ACTIVITY » Your task is to return all of the entries below exactly, leaving out each picture.

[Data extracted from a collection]
....

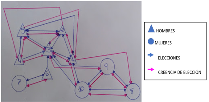 Representación gráfica de los resultados de la sociomatriz:
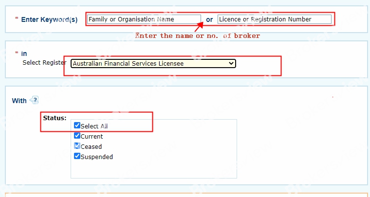 1. Log in to the ASIC official website http://www.asic.gov.au/ find the license number/reference number (preferred) or the name of the broker on the broker's webpage;
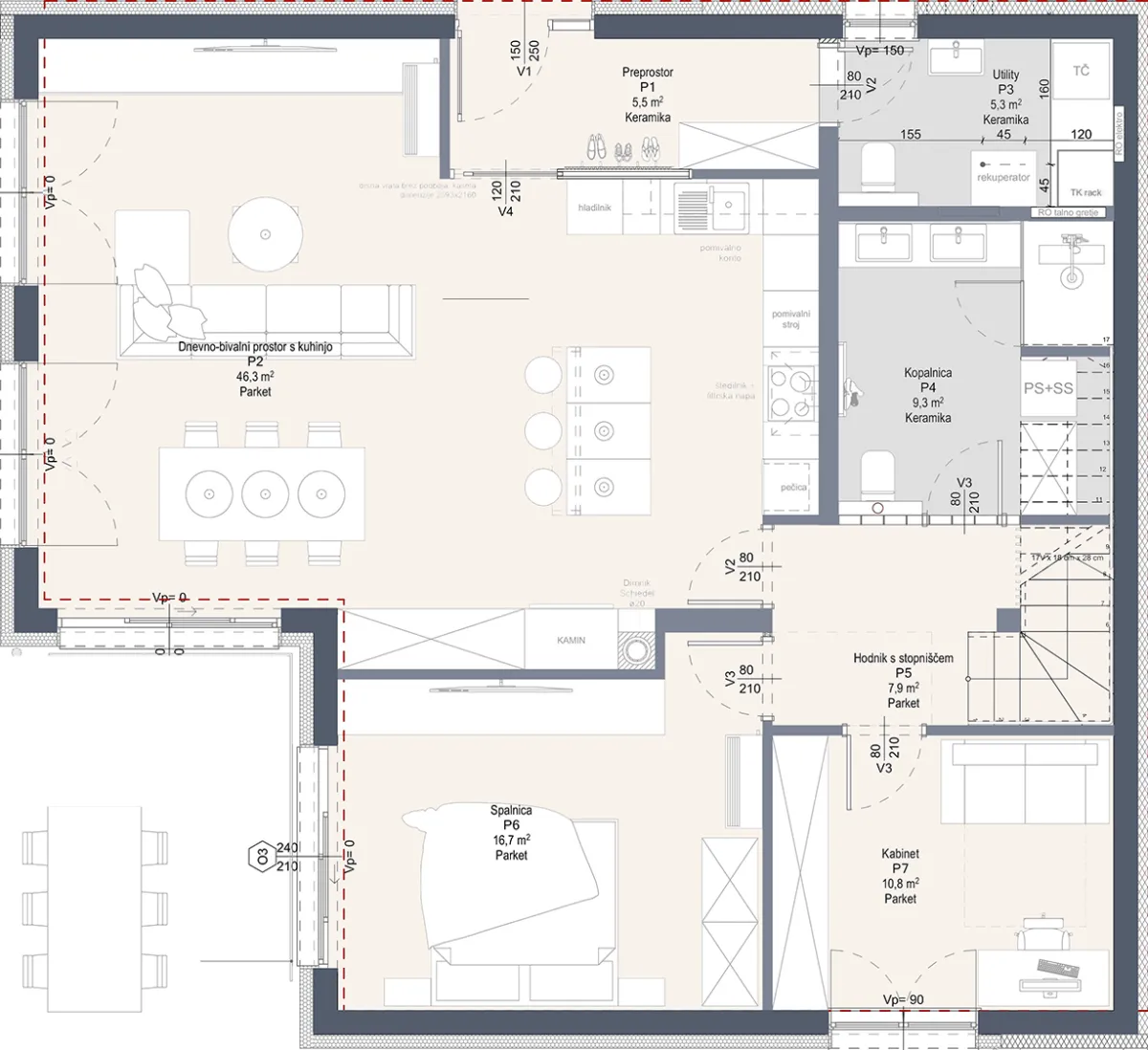 DNEVNI PROSTOR S KUHINJO - 46,3 m²
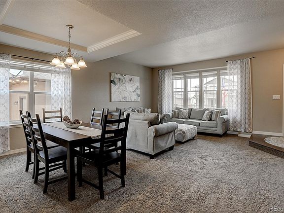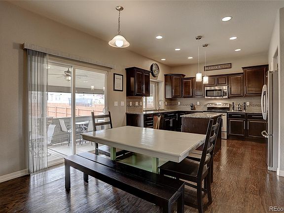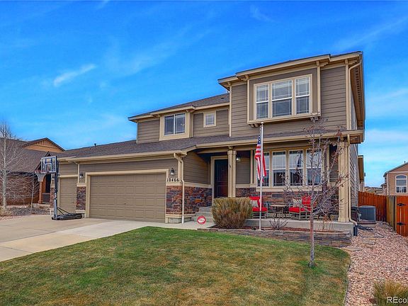 WELCOME HOME! Fabulous 2 story home in the much sought after Meridian Ranch. Fully finished, upgraded home on almost a 1/4 acre, over 3800 finished sq ft, a 3 car garage and conveniently located near schools, community center, hiking, trails and parks. The beautiful community rec. center is a real treat, that includes a fitness center, pool, activities and a playground that are included in the monthly HOA dues. From the minute you enter this well loved home, you'll notice the pride of ownership & the many upgrades.The well appointed kitchen boasts granite counters, island, nook, stainless steel appliances and a pantry. Engineered hardwood floors, formal dining room and living room! Perfect for entertaining, the open concept kitchen opens up to the spacious family room featuring a gas fireplace. This home also includes a dedicated main floor office w/ french doors.Down the hall from the family room is the powder room, laundry room and extra large bonus room/mud room that connects to the 3 car garage. The upper level features a spacious master suite, 3 additional bedrooms (2 bedrooms with walk in closets) and a guest bathroom. Head down to the basement where you'll be welcomed by a large family room (theatre screen stays), 9ft ceilings, 5th bedroom with walk-in closet and a well appointed bathroom with new shower door. You will be WOW'ed when you enter the newer $40k custom built 44 foot covered patio that includes ceiling fans, recessed lighting and the perfect area for BBQ'ing and entertaining. Outdoor entertaining at its finest with a large professionally landscaped back yard, a hot tub and a new walkway that takes you to the cozy fire pit where you can truly enjoy the beautiful Colorado outdoors. Don't forget to check out the back yard shed for all your toys! This is the one!
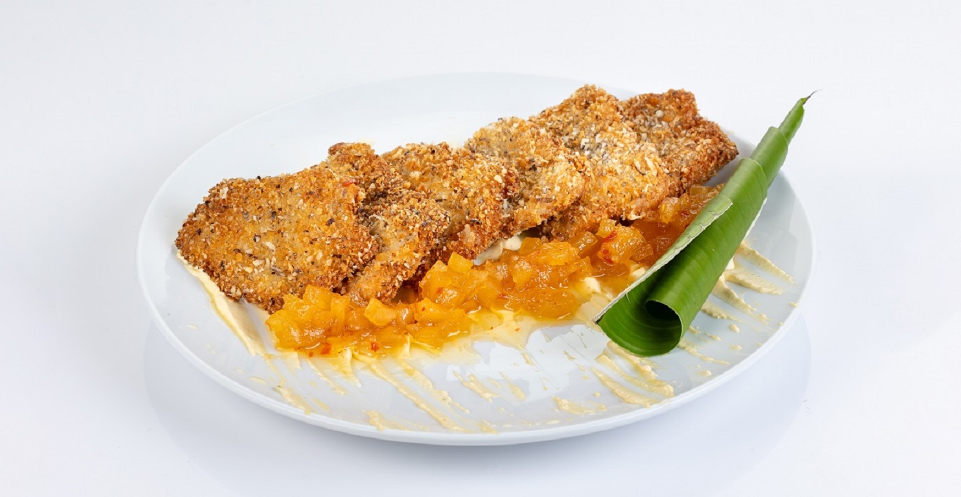 - Restaurante Mandala – Prato: Pirarucu Bela Vista (Pirarucu empanado na farinha panko e babaçu, servido com creme de cajá e geleia de abacaxi)
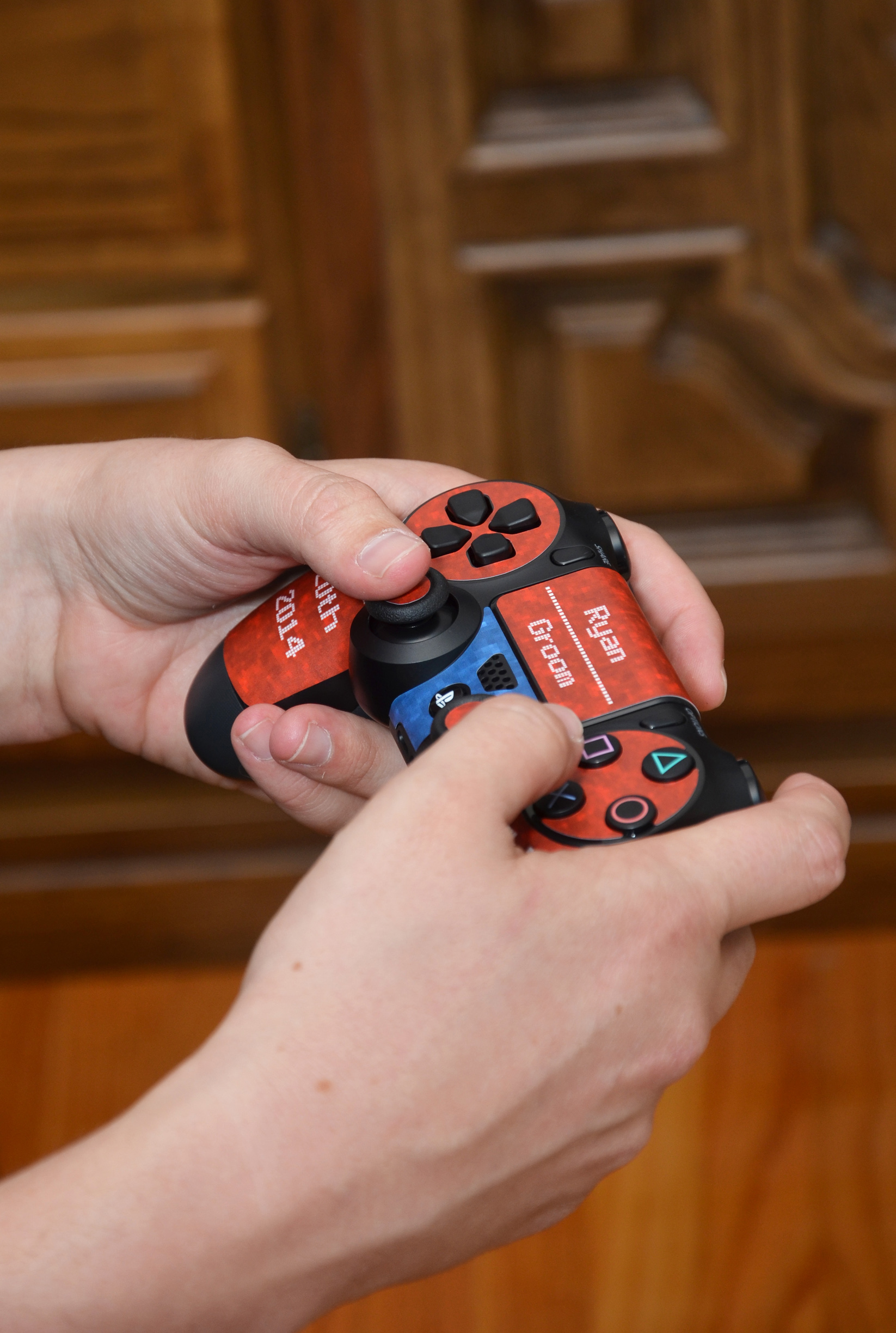 /Ryan (far right) gaming on his wedding day last month with his groomsmen
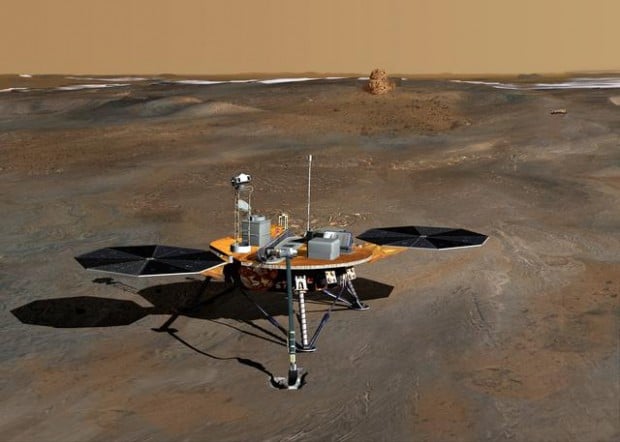 During the mission's three to five months of scientific work — before the pole is socked in by its winter layer of supercold CO2 "dry ice" — the lander's cameras, weather station, scientific ovens and wet laboratory will also analyze soil and study trenches dug by its robotic arm, photograph clouds and study winds.
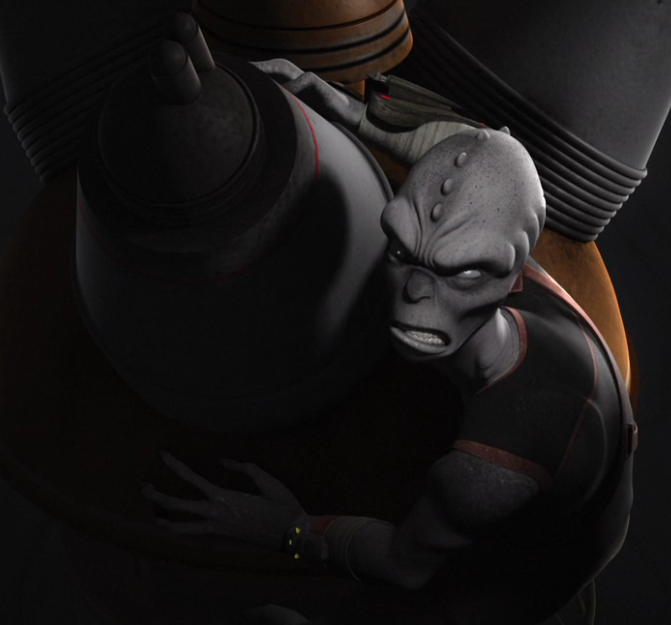 Upon arriving at the crash site, Rukh smelled the Lasat rebel Garazeb Orrelios, as well as Ezra Bridger and Jai Kell, nearby where they were retrieving the drive. As the assassin approached the scene, Bridger attempted to stall him by claiming that he and Kell, who were both disguised as scout troopers, had just finished searching the area. The ruse did not work, and Rukh attacked the two. During the fight, he realized that Bridger was a Jedi when he used the Force to fling him into a rock. The two escaped on a speeder bike, with Rukh pursuing. Meanwhile, Orrelios had evaded the assassin and escaped with the hyperdrive in an Imperial Troop Transport.[4]

....

OUTPUT OF THE TASK »
 Representación gráfica de los resultados de la sociomatriz:
 1. Log in to the ASIC official website http://www.asic.gov.au/ find the license number/reference number (preferred) or the name of the broker on the broker's webpage;
 DNEVNI PROSTOR S KUHINJO - 46,3 m²
 WELCOME HOME! Fabulous 2 story home in the much sought after Meridian Ranch. Fully finished, upgraded home on almost a 1/4 acre, over 3800 finished sq ft, a 3 car garage and conveniently located near schools, community center, hiking, trails and parks. The beautiful community rec. center is a real treat, that includes a fitness center, pool, activities and a playground that are included in the monthly HOA dues. From the minute you enter this well loved home, you'll notice the pride of ownership & the many upgrades.The well appointed kitchen boasts granite counters, island, nook, stainless steel appliances and a pantry. Engineered hardwood floors, formal dining room and living room! Perfect for entertaining, the open concept kitchen opens up to the spacious family room featuring a gas fireplace. This home also includes a dedicated main floor office w/ french doors.Down the hall from the family room is the powder room, laundry room and extra large bonus room/mud room that connects to the 3 car garage. The upper level features a spacious master suite, 3 additional bedrooms (2 bedrooms with walk in closets) and a guest bathroom. Head down to the basement where you'll be welcomed by a large family room (theatre screen stays), 9ft ceilings, 5th bedroom with walk-in closet and a well appointed bathroom with new shower door. You will be WOW'ed when you enter the newer $40k custom built 44 foot covered patio that includes ceiling fans, recessed lighting and the perfect area for BBQ'ing and entertaining. Outdoor entertaining at its finest with a large professionally landscaped back yard, a hot tub and a new walkway that takes you to the cozy fire pit where you can truly enjoy the beautiful Colorado outdoors. Don't forget to check out the back yard shed for all your toys! This is the one!
 - Restaurante Mandala – Prato: Pirarucu Bela Vista (Pirarucu empanado na farinha panko e babaçu, servido com creme de cajá e geleia de abacaxi)
 /Ryan (far right) gaming on his wedding day last month with his groomsmen
 During the mission's three to five months of scientific work — before the pole is socked in by its winter layer of supercold CO2 "dry ice" — the lander's cameras, weather station, scientific ovens and wet laboratory will also analyze soil and study trenches dug by its robotic arm, photograph clouds and study winds.
 Upon arriving at the crash site, Rukh smelled the Lasat rebel Garazeb Orrelios, as well as Ezra Bridger and Jai Kell, nearby where they were retrieving the drive. As the assassin approached the scene, Bridger attempted to stall him by claiming that he and Kell, who were both disguised as scout troopers, had just finished searching the area. The ruse did not work, and Rukh attacked the two. During the fight, he realized that Bridger was a Jedi when he used the Force to fling him into a rock. The two escaped on a speeder bike, with Rukh pursuing. Meanwhile, Orrelios had evaded the assassin and escaped with the hyperdrive in an Imperial Troop Transport.[4]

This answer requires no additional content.